In the case of discopathy, we usually perform the procedure laminectomy or hemilaminectomy.

The decisive prognostic factor here is time:

the sooner the surgery is performed after the prolapse, the better the prognosis.

These procedures involve the removal of the invaded nucleus after the removal of the spinous processes, articular processes of the vertebrae and decompression of the spinal cord.

The surgery itself is not and should be performed by experienced surgeon, having a well-equipped operating room with all facilities.

During the procedure, respiratory arrest and a sharp drop in blood pressure often occur, and there may be intense bleeding from damaged venous sinuses, hence the need to provide appropriate equipment monitoring the patient's vital signs.

It is also necessary to know how to behave in case of complications so as not to panic later when something "unforeseen " happens.

Remember that the spinal cord damaged by the nucleus pulposus regenerates very slowly (1-6 months) and that is why the dog's guardian must show great patience and understanding.

Convalescence after surgery

Convalescence after surgery is a process long-term, expensive and demanding a lot of self-denial of the owner.

Immediately after surgery for a period of up to up to 3 weeks the operated patient should be completely confined, which will drastically limit his movement.

Due to the great soreness he receives strong painkillers (especially during the first days after the procedure).

It also requires a variety rehabilitation treatments, initially physical therapy consisting in massaging motionless limbs, and later massages do exercise exercising on a treadmill in the water.

You can see what rehabilitation of a dog on a water treadmill looks like in the video below

Dachshund IVDD Therapy: Walking the Underwater Treadmill
Watch this video on YouTube

Patients often require manual emptying of the bladder, which absolutely must be performed in a hospital or at home.

Successful surgery does not mean full success, as the recovery period requires considerable commitment and dedication of the owners.

They must take the animal outside, ensure the emptying of the bladder, participate in the process of defecation or actively massage the motionless limbs.

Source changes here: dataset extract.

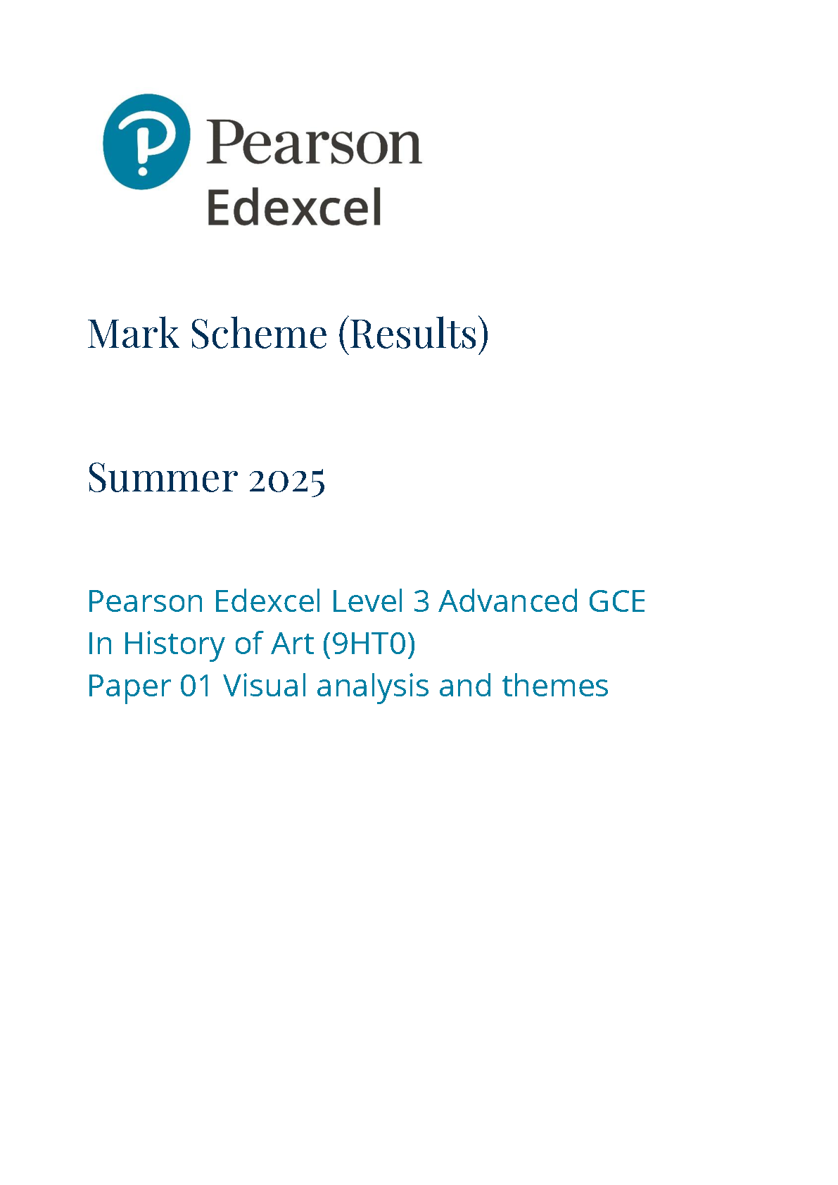 2025 Pearson Edexcel A Level History of Art Mark Scheme Paper 1 (9HT0/01: Visual analysis and themes)

This often exceeds the owners' capabilities and is the reason for the dog's euthanasia

Can discopathy be prevented?

How to prevent discopathy in dogs?

As cliché as it may sound, a healthy spine is essential for an animal's proper, species-normal, physical activity.

Dogs, as we know very well, are predators that in nature, in order to survive, have to hunt and be practically in constant motion.

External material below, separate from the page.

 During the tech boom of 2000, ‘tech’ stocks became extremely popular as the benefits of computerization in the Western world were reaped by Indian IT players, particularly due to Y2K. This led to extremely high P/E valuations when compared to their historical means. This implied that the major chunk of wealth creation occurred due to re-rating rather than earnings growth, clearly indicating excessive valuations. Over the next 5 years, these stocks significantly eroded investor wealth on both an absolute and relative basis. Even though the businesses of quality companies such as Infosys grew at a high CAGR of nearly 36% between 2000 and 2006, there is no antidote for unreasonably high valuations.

The modern lifestyle of our pets, low physical activity, inadequate, too caloric food, not compatible with nature, can lead to a number of pathologies, including those related to the spine.

Much depends on you with discopathy.

Yes, you will not completely stop degenerative changes affecting the intervertebral discs, but you can minimize the risk of disease by taking care of your dog's condition.

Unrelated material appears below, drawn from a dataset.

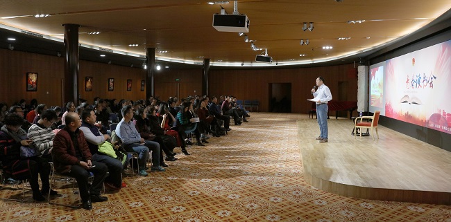 讀書會邀請了全國優秀縣委書記、原湖北省恩施州巴東縣委書記陳行甲進行專題講座,陳行甲結合黨的十九大精神,以“如何與人民群眾保持血肉聯系”為題,分享了任職巴東縣委書記的經歷和感受、與人民群眾保持血肉聯系的實踐和思考、以及辭去公職投身公益事業的抉擇和追求。陳行甲同志談到,黨的十九大報告有203次提到了“人民”一詞,充分體現了中國共產黨“全心全意為人民服務”的根本宗旨和“立黨為公,執政為民”的崇高情懷。

In the case of the first disturbing disease symptoms, time is extremely important, so do not wait for it to pass itself, but quickly go to the veterinary office for professional help.

Not every case of discopathy requires complicated and expensive surgical treatment at once, so do not be afraid of the disease, but find out how to behave in a given situation.


I hope this article has explained and provided the necessary knowledge on this subject.

If you have questions related to the treatment or rehabilitation of discopathy, now add a comment under the article, I will write back as soon as possible.